Über das Buch: Bei seinem Versuch, den Liberalismus auf die Höhe der Zeit zu bringen, versucht Christoph Möllers, Formen einer Ordnung herauszupräparieren, die Bewegungsfreiheit und soziale Varianz ermöglicht. So gerüstet, verspricht er keine Antworten, aber neue Perspektiven auf diverse Phänomene wie die Funktion territorialer Grenzen. Freiheit, so Möllers, ist eine Praxis der Ergebnisoffenheit, die Prozesse ermöglicht, von denen unklar sein muss, wohin sie führen.

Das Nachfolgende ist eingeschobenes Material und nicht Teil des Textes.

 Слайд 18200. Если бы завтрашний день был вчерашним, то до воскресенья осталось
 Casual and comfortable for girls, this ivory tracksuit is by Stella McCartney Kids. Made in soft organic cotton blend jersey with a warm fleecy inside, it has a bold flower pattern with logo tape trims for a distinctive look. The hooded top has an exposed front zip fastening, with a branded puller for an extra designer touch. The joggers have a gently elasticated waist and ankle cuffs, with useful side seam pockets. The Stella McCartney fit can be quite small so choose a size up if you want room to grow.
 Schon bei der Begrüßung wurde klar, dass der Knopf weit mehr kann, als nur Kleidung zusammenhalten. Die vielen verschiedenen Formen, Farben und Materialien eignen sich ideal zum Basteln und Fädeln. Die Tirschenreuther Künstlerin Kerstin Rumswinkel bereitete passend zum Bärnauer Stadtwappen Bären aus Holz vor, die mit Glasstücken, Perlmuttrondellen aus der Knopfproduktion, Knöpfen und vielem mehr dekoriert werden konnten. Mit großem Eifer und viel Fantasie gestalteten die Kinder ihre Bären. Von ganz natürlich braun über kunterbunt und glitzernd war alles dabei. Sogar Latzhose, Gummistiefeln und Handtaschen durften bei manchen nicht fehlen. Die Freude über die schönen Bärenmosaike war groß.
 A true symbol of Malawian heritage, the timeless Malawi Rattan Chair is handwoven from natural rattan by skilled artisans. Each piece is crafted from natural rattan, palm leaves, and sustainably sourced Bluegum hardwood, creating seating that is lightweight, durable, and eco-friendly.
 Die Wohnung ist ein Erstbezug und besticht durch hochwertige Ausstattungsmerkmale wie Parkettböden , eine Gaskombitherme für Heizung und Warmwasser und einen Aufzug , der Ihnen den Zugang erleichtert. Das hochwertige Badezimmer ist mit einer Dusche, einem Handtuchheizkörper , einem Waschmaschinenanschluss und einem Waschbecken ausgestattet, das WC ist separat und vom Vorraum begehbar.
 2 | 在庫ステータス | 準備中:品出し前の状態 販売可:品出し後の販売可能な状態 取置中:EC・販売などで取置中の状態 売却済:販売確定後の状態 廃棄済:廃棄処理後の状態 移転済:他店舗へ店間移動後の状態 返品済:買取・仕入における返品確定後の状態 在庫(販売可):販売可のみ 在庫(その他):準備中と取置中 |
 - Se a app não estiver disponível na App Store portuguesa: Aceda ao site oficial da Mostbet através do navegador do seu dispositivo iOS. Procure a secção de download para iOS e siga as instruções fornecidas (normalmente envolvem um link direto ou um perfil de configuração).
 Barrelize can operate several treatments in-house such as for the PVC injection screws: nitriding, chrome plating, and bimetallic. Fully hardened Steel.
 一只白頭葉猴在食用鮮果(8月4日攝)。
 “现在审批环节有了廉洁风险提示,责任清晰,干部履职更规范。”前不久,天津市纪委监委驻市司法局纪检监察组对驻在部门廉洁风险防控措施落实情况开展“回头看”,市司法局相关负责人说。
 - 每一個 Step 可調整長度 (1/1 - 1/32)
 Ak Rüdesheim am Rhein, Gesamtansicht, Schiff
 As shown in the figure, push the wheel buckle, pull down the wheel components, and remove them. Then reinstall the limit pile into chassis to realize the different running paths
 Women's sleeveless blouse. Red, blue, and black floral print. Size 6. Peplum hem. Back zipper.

Jurybegründung: Christoph Möllers analysiert die Abstufungen des Freiheitsbegriffs und nennt sie Freiheitsgrade. Seine Philosophie des Rechts schließt Überlegungen dazu ein, wie das Recht ausgelegt wird und welche Folgen das hat. Bravourös und fundiert erinnert Möllers an den demokratischen Kontext von Rechtsauffassung und daran wie Freiheit wirkt, d. h. Freiheit ist nicht naturgegeben, sondern immer schon ein Phänomen der gesellschaftlichen Zuweisung. Wo bleibt die Individualität? Wie kann der Liberalismus funktionieren? Möllers plädiert für eine Neubestimmung des Liberalismus, denn allein diese Neujustierung kann sich den Herausforderungen der Zukunft im Hinblick auf soziale Gerechtigkeit und ökologische Perspektiven stellen. Eine starke These für eine notwendige und dringliche Debatte.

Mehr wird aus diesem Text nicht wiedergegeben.